Hong Tianpei, Yan Zongxun, Li Li, Tang Wei, Qi Lin, Ye Jianhua, Ren Jiangong, Wan Qin, Xiao Wenhua, Zhao Di
Department of Endocrinology and Metabolism, Peking University Third Hospital, Beijing, 100191, China.
Affiliated Hospital of North Sichuan Medical College, Nanchong, China.
Diabetes Ther. 2022 May;13(5):969-981. doi: 10.1007/s13300-022-01243-x. Epub 2022 Mar 21.
Cardiovascular disease (CVD) is the leading cause of death in Chinese adults with type 2 diabetes (T2D), and treatment guidelines have increasingly focused on the comprehensive management of T2D and CVD. Here, we report data from the Chinese population within the CAPTURE study, including CVD prevalence in patients with T2D and insights into their management.
CAPTURE (a multinational, non-interventional, cross-sectional study in adults with T2D) included data from eight centers in China from July to September 2019. Overall CVD prevalence estimates were calculated, and descriptive data regarding CVD subtypes and treatment were collected and reported here.

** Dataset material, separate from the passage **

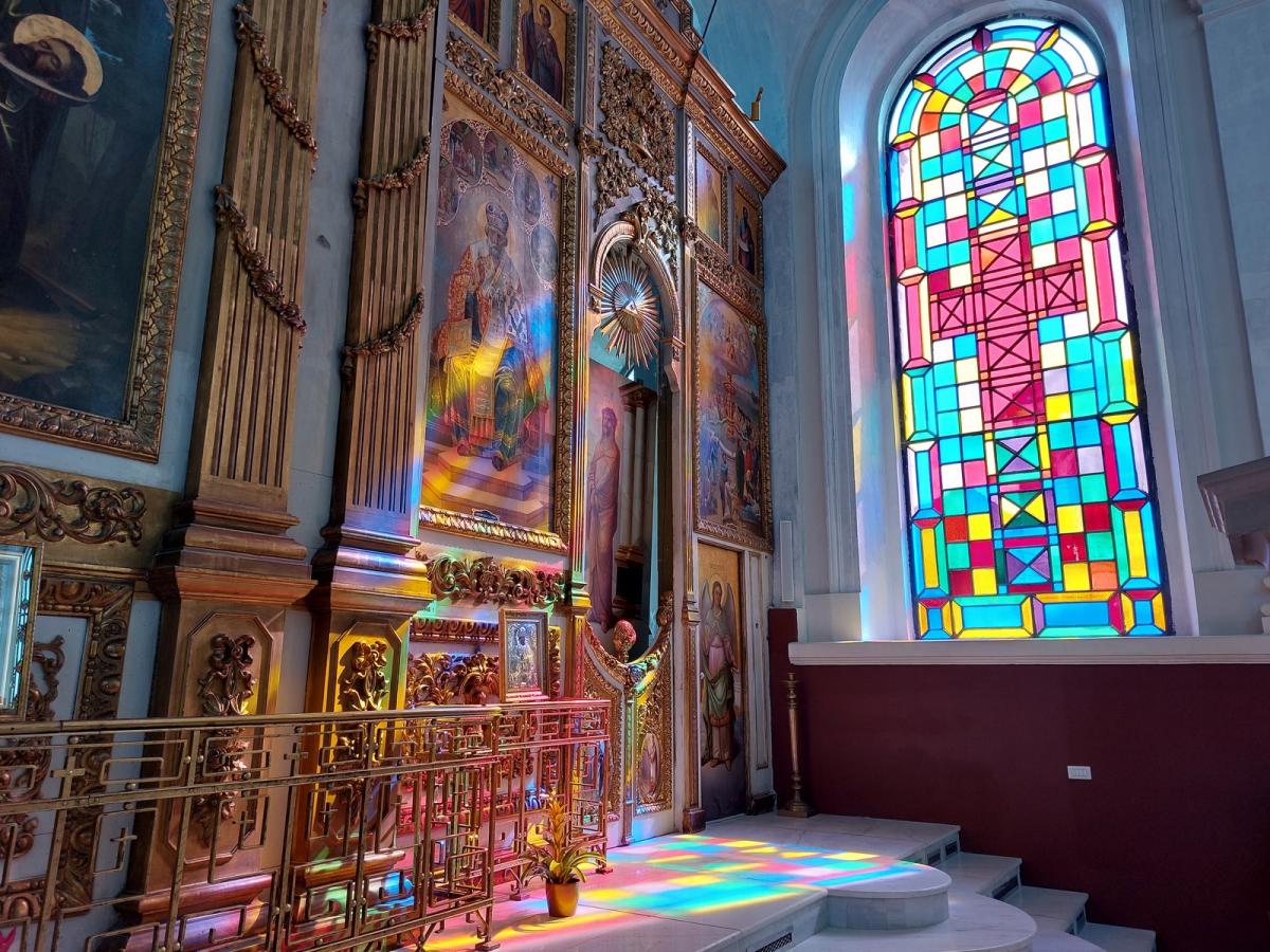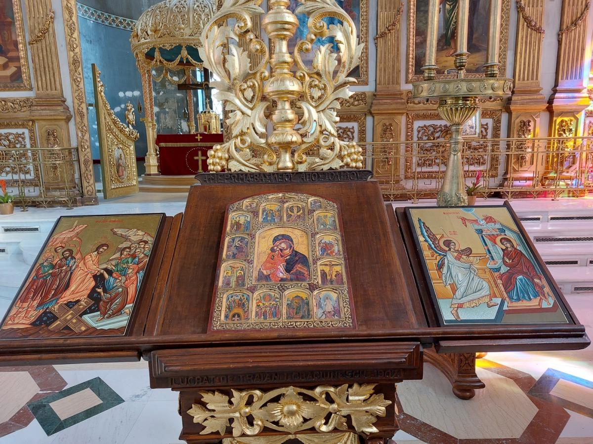 Interiorul bisericii părea, la vizita IPS un mic „colț de rai”: soarele primăvăratec străbătea, în chip tainic, vitraliile multicolore, iar lumina poposea pe chipurile sfinților de la Catapeteasma placată cu aur. Era ceva cu adevărat dumnezeiesc în acel joc de lumini care transforma candelabrele din cristal de Murano și de Boemia în boabe de rouă cu slipiri de diamant.

Of 805 adults with T2D enrolled in China (61.9% male, median age 59 years), 273 had established CVD, with an estimated prevalence (95% CI) of 33.9% (30.6%, 37.3%). Most CVD cases were atherosclerotic (94.9%). Coronary heart disease had the highest estimated prevalence (16.0%), followed by carotid artery disease (9.6%) and cerebrovascular disease (7.7%). Use of glucose-lowering agents (GLAs) with proven cardiovascular benefits (glucagon-like peptide-1 receptor agonists and/or sodium-glucose cotransporter-2 inhibitors) was low in the China sample (7.7%). Approximately half of the CVD subgroup in the China sample was receiving cardiovascular medication, but use of guideline-directed agents was low (e.g., statins: 35.9%; angiotensin II receptor blockers: 15%; angiotensin-converting enzyme inhibitors: 2.6%).
In the Chinese CAPTURE population, one-third of patients had established CVD, with atherosclerotic CVD largely accounting for the CVD burden; use of GLAs with proven cardiovascular benefits and cardiovascular medications was low, suggesting an unmet need for optimal management in this group.
心血管疾病(CVD)是中国2型糖尿病(T2D)成年患者的主要死因,治疗指南越来越关注T2D和CVD的综合管理。在此,我们报告CAPTURE研究中中国人群的数据,包括T2D患者的CVD患病率及其管理情况。
CAPTURE(一项针对成年T2D患者的多国、非干预性横断面研究)纳入了2019年7月至9月来自中国8个中心的数据。计算了总体CVD患病率估计值,并收集并报告了有关CVD亚型和治疗的描述性数据。
在中国纳入的805例成年T2D患者中(男性占61.9%,中位年龄59岁),273例已确诊患有CVD,估计患病率(95%CI)为33.9%(30.6%,37.3%)。大多数CVD病例为动脉粥样硬化性(94.9%)。冠心病的估计患病率最高(16.0%),其次是颈动脉疾病(9.6%)和脑血管疾病(7.7%)。在中国样本中,具有心血管获益证据的降糖药物(胰高血糖素样肽-1受体激动剂和/或钠-葡萄糖协同转运蛋白-2抑制剂)的使用比例较低(7.7%)。中国样本中约一半的CVD亚组患者正在接受心血管药物治疗,但指南推荐药物的使用比例较低(例如,他汀类药物:35.9%;血管紧张素II受体阻滞剂:15%;血管紧张素转换酶抑制剂:2.6%)。
在中国CAPTURE研究人群中,三分之一的患者已确诊患有CVD,动脉粥样硬化性CVD在很大程度上构成了CVD负担;具有心血管获益证据的降糖药物和心血管药物的使用比例较低,表明该人群在优化管理方面存在未满足的需求。